Only the pictures are to be left out; return the rest of the data exactly as it stands.
--- INFORMATION GIVEN Enclosed Below ---
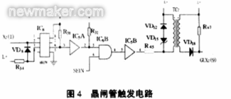 以U相为例,晶闸管触发电路如图4。取自主回路的交流波头信号(X2(1)-L+),经光耦IC8隔离,使6脚输出为低电位,经达林顿反相驱动IC5A反相为高电位。在EIN已为IC6的6脚提供开门信号SEIN的情况下,使IC6B(4)输出高电位,经IC5B反相为低电位,使脉冲高压器TC3的原边产生脉冲信号,副边输出触发信号GU给VT1的门极,使该晶闸管触发导通。当该相波头信号消失时,其触发信号也消失。当U1<L+时,该相晶闸管被负压关断。这样,各相晶闸管顺序开通与关断,完成三相半控整流。
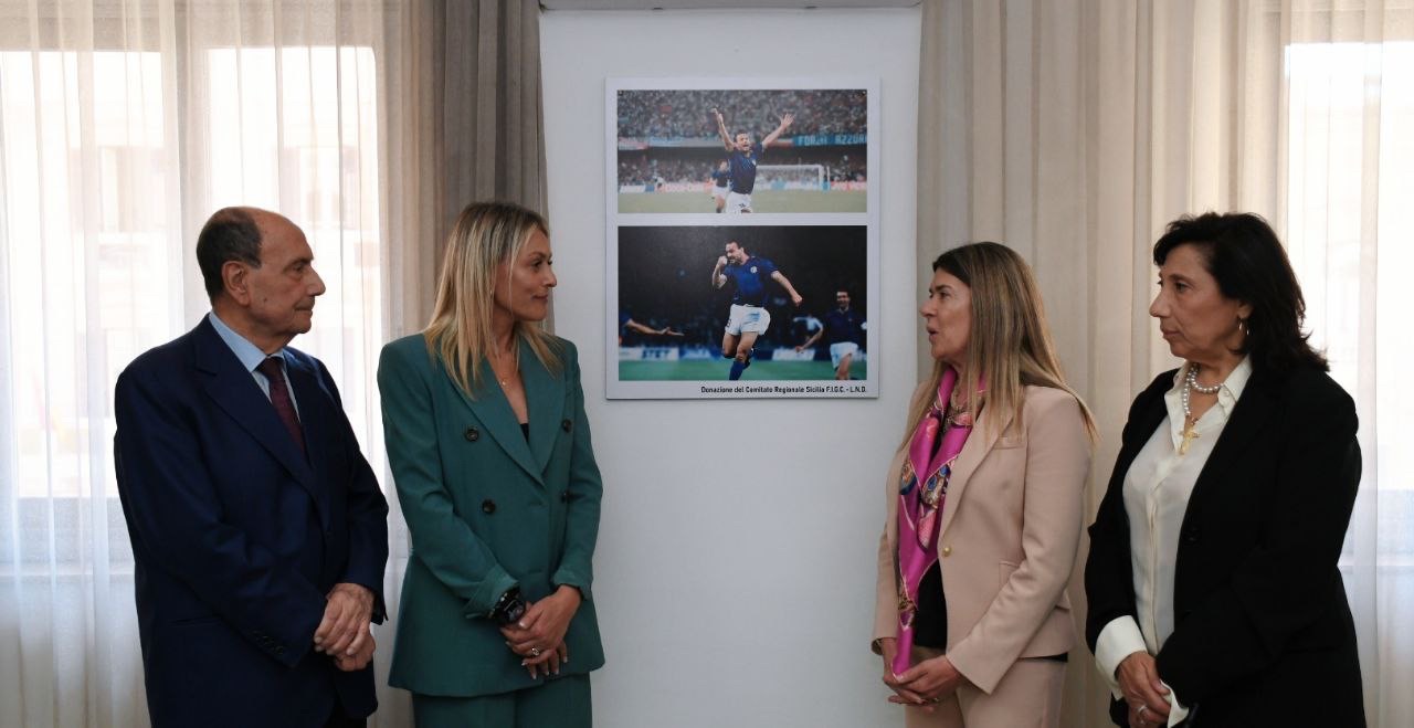 Una sala riunioni dell’assessorato regionale dello Sport porta ora il nome di Totò Schillaci, l’indimenticato protagonista dei Mondiali di Italia ’90, scomparso lo scorso 18 dicembre. La cerimonia di intitolazione si è svolta questa mattina nella sede di via Notarbartolo, a Palermo, alla presenza del presidente della Regione Renato Schifani, dell’assessore regionale allo Sport Elvira Amata e di altre autorità istituzionali e sportive, tra cui la moglie del calciatore, Barbara Lombardo.
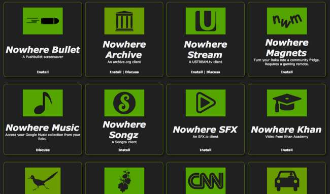 Ο άνθρωπος πουθενά έχει δημιουργήσει μια ποικιλία ιδιωτικών καναλιών που μπορείτε να εγκαταστήσετε, συμπεριλαμβανομένων πελατών για Twitter, Vine, CNN, USTREAM.tv, Songza και την ακαδημία Khan. Υπάρχει ακόμη και το "Nowhere Bullet", μια προφύλαξη οθόνης PushBullet που μπορεί εμφανίστε τις ειδοποιήσεις του τηλεφώνου ή του tablet Android στην τηλεόρασή σας.
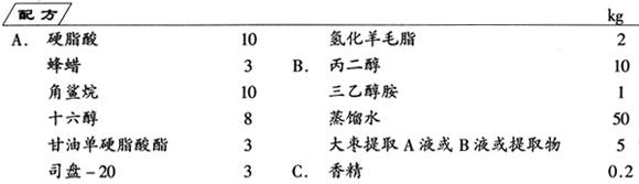 大枣提取液的制备如下:将100kg大枣粗略切碎,加入450L无水乙醇和50L水(也可用500L工业酒精),浸渍搅拌24h,然后抽滤,除去滤液。将过滤后的残留物置于容器内,用90%的乙醇溶液浸渍,搅拌,提取。抽滤后的残留物再用90%的乙醇溶液浸渍,搅拌,提取。抽滤后的残留物再用40%的乙醇溶液浸渍3~7d,不断搅拌。然后过滤,收集滤液。若滤液有混浊现象时,可用硅藻土过滤,得到透明澄清的滤液,即为A液。在A液中加入甘油、1,3-丁二醇、乙二醇等多元醇溶剂,得到的溶液为B液。A液在碱压下蒸去乙醇,即得到粉末状大枣提取物。
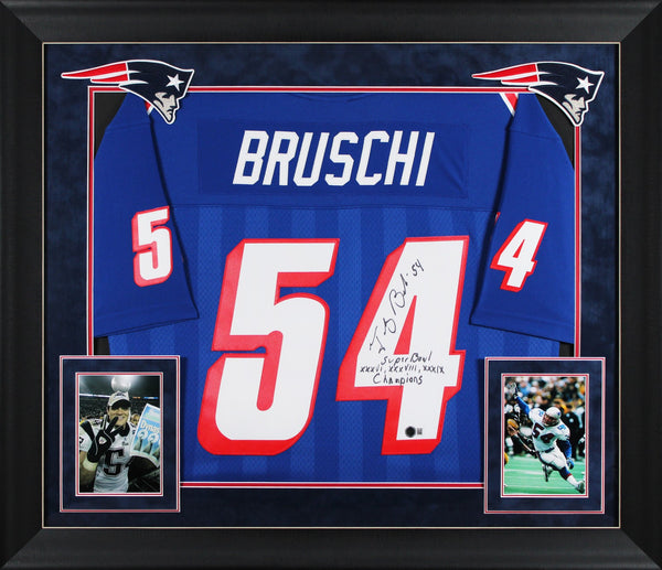 Patriots Tedy Bruschi "SB Champions" Signed Navy M&N TB Framed Jersey BAS Wit
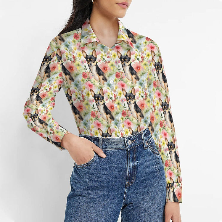 Embrace the joy and uniqueness of being a Chihuahua enthusiast with our Black and Tan Chihuahuas in Bloom Women's Shirt.
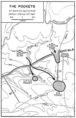 On 28 January, Hiroshi Nakanishi's 3rd Battalion, and Yorimasa Yoshioka's 20th Infantry staff, attacked I Corps' Orion-Bagac line and was able to break through into the 1st Division's rear along the Tuol River. The Japanese were separated into two pockets, a Little Pocket consisting of about one company, and a Big Pocket with 1000 men. By 5 February, Wainwright had committed five 1st Division companies, two 92nd Infantry battalions, one Scout battalion, one Constabulary battalion, plus tanks from the 192nd Tank Battalion, and artillery from the 24th Field Artillery, in an attempt to eliminate the Little and Big Pockets. On 6 February a Japanese salient formed, the Upper Pocket, when the 122nd Infantry and the 2nd Battalion, 33rd Infantry, penetrated within 800 yards of the Big Pocket. On 7 February, the 1st Division surrounded the Little Pocket, which was eliminated by 9 February. Concentrating on attacking the Big Pocket next, Trail 7 was secured by 10 February. On 11 February, Yoshioka attempted to breakout to the north, in conjunction with a general 14th Army withdrawal across Bataan. On 15 February, 377 Japanese reached their own lines, and the Upper Pocket was abandoned. With the elimination of the Japanese 20th Infantry, I Corps' line was restored on 26 February.[6]: 347–372
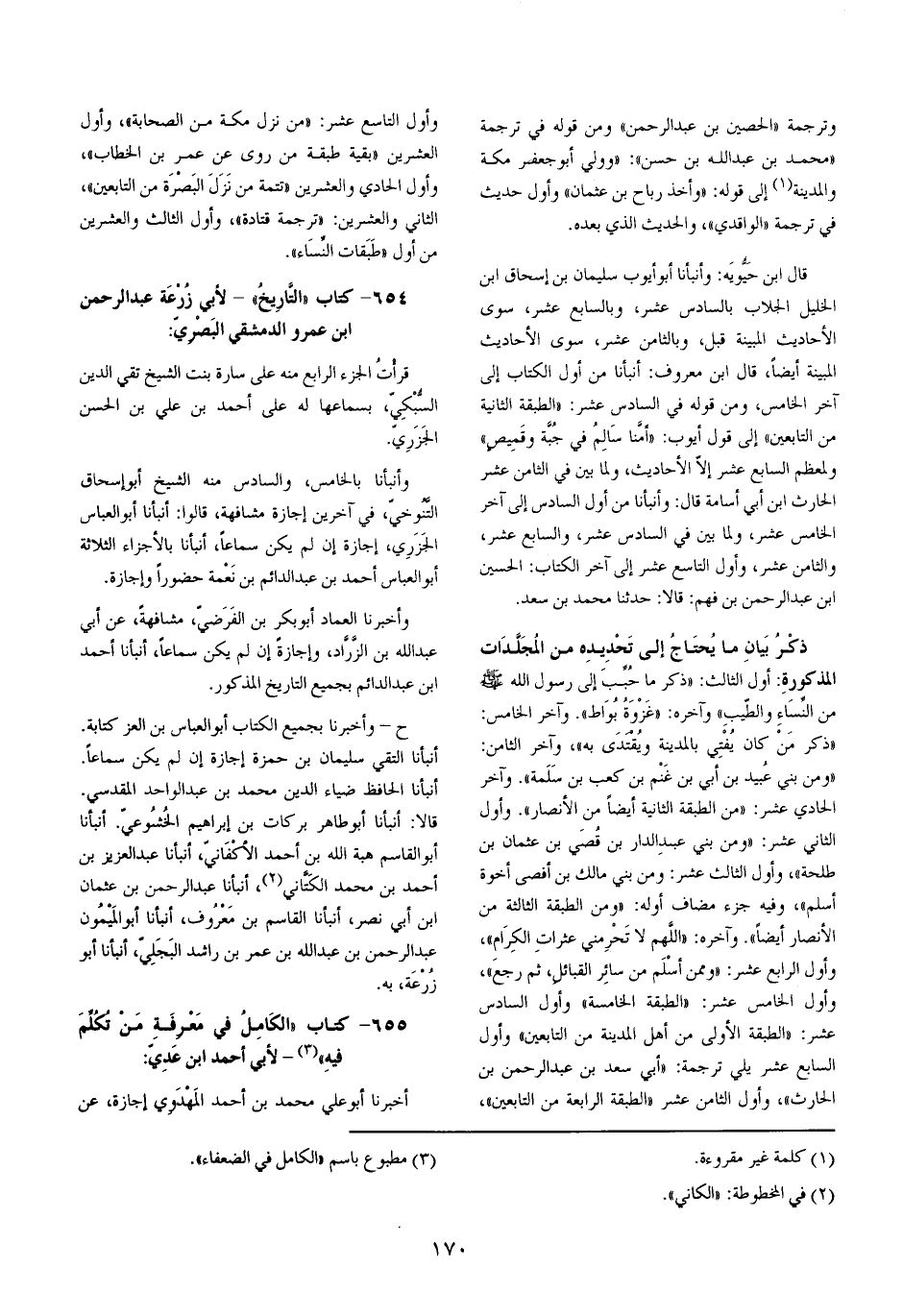 ذكر بَيَان مَا يحْتَاج إِلَى تحديده من المجلدات الْمَذْكُورَة أول الثَّالِث ذكر مَا حبب إِلَى رَسُول الله صلى الله عَلَيْهِ وَسلم من النِّسَاء وَالطّيب وَآخره غَزْوَة بواط وَآخر الْخَامِس ذكر من كَانَ يُفْتِي بِالْمَدِينَةِ ويقتدى بِهِ وَآخر الثَّامِن وَمن بني عبيد بن أبي بن غنم بن كَعْب بن سَلمَة وَآخر الْحَادِي عشر من الطَّبَقَة الثَّانِيَة أَيْضا من الْأَنْصَار وَأول الثَّانِي عشر وَمن بني عبد الدَّار بن قصي بن عُثْمَان بن طَلْحَة وَأول الثَّالِث عشر وَمن بني مَالك بن أفصى أخوة أسلم وَفِيه جُزْء مُضَاف أَوله وَمن الطَّبَقَة الثَّالِثَة من الْأَنْصَار أَيْضا وَآخره اللَّهُمَّ لَا تحرمني عثرات الْكِرَام وَأول الرَّابِع عشر وَمِمَّنْ أسلم من سَائِر الْقَبَائِل ثمَّ رَجَعَ وَأول الْخَامِس عشر الطَّبَقَة الْخَامِسَة وَأول السَّادِس عشر الطَّبَقَة الأولى من أهل الْمَدِينَة من التَّابِعين وَأول السَّابِع عشر يَلِي تَرْجَمَة أبي سعد بن عبد الرَّحْمَن بن الْحَارِث وَأول الثَّامِن عشر الطَّبَقَة الرَّابِعَة من التَّابِعين وَأول التَّاسِع عشر من نزل مَكَّة من الصَّحَابَة وَأول الْعشْرين بَقِيَّة طبقَة من روى عَن عمر بن الْخطاب وَأول الْحَادِي وَالْعِشْرين تَتِمَّة من نزل الْبَصْرَة من التَّابِعين الثَّانِي وَالْعِشْرين تَرْجَمَة قَتَادَة وَأول الثَّالِث وَالْعِشْرين من أول طَبَقَات النِّسَاء
--- End of Enclosed INFORMATION GIVEN ---
**RESULT OF THE EXERCISE**
 以U相为例,晶闸管触发电路如图4。取自主回路的交流波头信号(X2(1)-L+),经光耦IC8隔离,使6脚输出为低电位,经达林顿反相驱动IC5A反相为高电位。在EIN已为IC6的6脚提供开门信号SEIN的情况下,使IC6B(4)输出高电位,经IC5B反相为低电位,使脉冲高压器TC3的原边产生脉冲信号,副边输出触发信号GU给VT1的门极,使该晶闸管触发导通。当该相波头信号消失时,其触发信号也消失。当U1<L+时,该相晶闸管被负压关断。这样,各相晶闸管顺序开通与关断,完成三相半控整流。
 Una sala riunioni dell’assessorato regionale dello Sport porta ora il nome di Totò Schillaci, l’indimenticato protagonista dei Mondiali di Italia ’90, scomparso lo scorso 18 dicembre. La cerimonia di intitolazione si è svolta questa mattina nella sede di via Notarbartolo, a Palermo, alla presenza del presidente della Regione Renato Schifani, dell’assessore regionale allo Sport Elvira Amata e di altre autorità istituzionali e sportive, tra cui la moglie del calciatore, Barbara Lombardo.
 Ο άνθρωπος πουθενά έχει δημιουργήσει μια ποικιλία ιδιωτικών καναλιών που μπορείτε να εγκαταστήσετε, συμπεριλαμβανομένων πελατών για Twitter, Vine, CNN, USTREAM.tv, Songza και την ακαδημία Khan. Υπάρχει ακόμη και το "Nowhere Bullet", μια προφύλαξη οθόνης PushBullet που μπορεί εμφανίστε τις ειδοποιήσεις του τηλεφώνου ή του tablet Android στην τηλεόρασή σας.
 大枣提取液的制备如下:将100kg大枣粗略切碎,加入450L无水乙醇和50L水(也可用500L工业酒精),浸渍搅拌24h,然后抽滤,除去滤液。将过滤后的残留物置于容器内,用90%的乙醇溶液浸渍,搅拌,提取。抽滤后的残留物再用90%的乙醇溶液浸渍,搅拌,提取。抽滤后的残留物再用40%的乙醇溶液浸渍3~7d,不断搅拌。然后过滤,收集滤液。若滤液有混浊现象时,可用硅藻土过滤,得到透明澄清的滤液,即为A液。在A液中加入甘油、1,3-丁二醇、乙二醇等多元醇溶剂,得到的溶液为B液。A液在碱压下蒸去乙醇,即得到粉末状大枣提取物。
 Patriots Tedy Bruschi "SB Champions" Signed Navy M&N TB Framed Jersey BAS Wit
 Embrace the joy and uniqueness of being a Chihuahua enthusiast with our Black and Tan Chihuahuas in Bloom Women's Shirt.
 On 28 January, Hiroshi Nakanishi's 3rd Battalion, and Yorimasa Yoshioka's 20th Infantry staff, attacked I Corps' Orion-Bagac line and was able to break through into the 1st Division's rear along the Tuol River. The Japanese were separated into two pockets, a Little Pocket consisting of about one company, and a Big Pocket with 1000 men. By 5 February, Wainwright had committed five 1st Division companies, two 92nd Infantry battalions, one Scout battalion, one Constabulary battalion, plus tanks from the 192nd Tank Battalion, and artillery from the 24th Field Artillery, in an attempt to eliminate the Little and Big Pockets. On 6 February a Japanese salient formed, the Upper Pocket, when the 122nd Infantry and the 2nd Battalion, 33rd Infantry, penetrated within 800 yards of the Big Pocket. On 7 February, the 1st Division surrounded the Little Pocket, which was eliminated by 9 February. Concentrating on attacking the Big Pocket next, Trail 7 was secured by 10 February. On 11 February, Yoshioka attempted to breakout to the north, in conjunction with a general 14th Army withdrawal across Bataan. On 15 February, 377 Japanese reached their own lines, and the Upper Pocket was abandoned. With the elimination of the Japanese 20th Infantry, I Corps' line was restored on 26 February.[6]: 347–372
 ذكر بَيَان مَا يحْتَاج إِلَى تحديده من المجلدات الْمَذْكُورَة أول الثَّالِث ذكر مَا حبب إِلَى رَسُول الله صلى الله عَلَيْهِ وَسلم من النِّسَاء وَالطّيب وَآخره غَزْوَة بواط وَآخر الْخَامِس ذكر من كَانَ يُفْتِي بِالْمَدِينَةِ ويقتدى بِهِ وَآخر الثَّامِن وَمن بني عبيد بن أبي بن غنم بن كَعْب بن سَلمَة وَآخر الْحَادِي عشر من الطَّبَقَة الثَّانِيَة أَيْضا من الْأَنْصَار وَأول الثَّانِي عشر وَمن بني عبد الدَّار بن قصي بن عُثْمَان بن طَلْحَة وَأول الثَّالِث عشر وَمن بني مَالك بن أفصى أخوة أسلم وَفِيه جُزْء مُضَاف أَوله وَمن الطَّبَقَة الثَّالِثَة من الْأَنْصَار أَيْضا وَآخره اللَّهُمَّ لَا تحرمني عثرات الْكِرَام وَأول الرَّابِع عشر وَمِمَّنْ أسلم من سَائِر الْقَبَائِل ثمَّ رَجَعَ وَأول الْخَامِس عشر الطَّبَقَة الْخَامِسَة وَأول السَّادِس عشر الطَّبَقَة الأولى من أهل الْمَدِينَة من التَّابِعين وَأول السَّابِع عشر يَلِي تَرْجَمَة أبي سعد بن عبد الرَّحْمَن بن الْحَارِث وَأول الثَّامِن عشر الطَّبَقَة الرَّابِعَة من التَّابِعين وَأول التَّاسِع عشر من نزل مَكَّة من الصَّحَابَة وَأول الْعشْرين بَقِيَّة طبقَة من روى عَن عمر بن الْخطاب وَأول الْحَادِي وَالْعِشْرين تَتِمَّة من نزل الْبَصْرَة من التَّابِعين الثَّانِي وَالْعِشْرين تَرْجَمَة قَتَادَة وَأول الثَّالِث وَالْعِشْرين من أول طَبَقَات النِّسَاء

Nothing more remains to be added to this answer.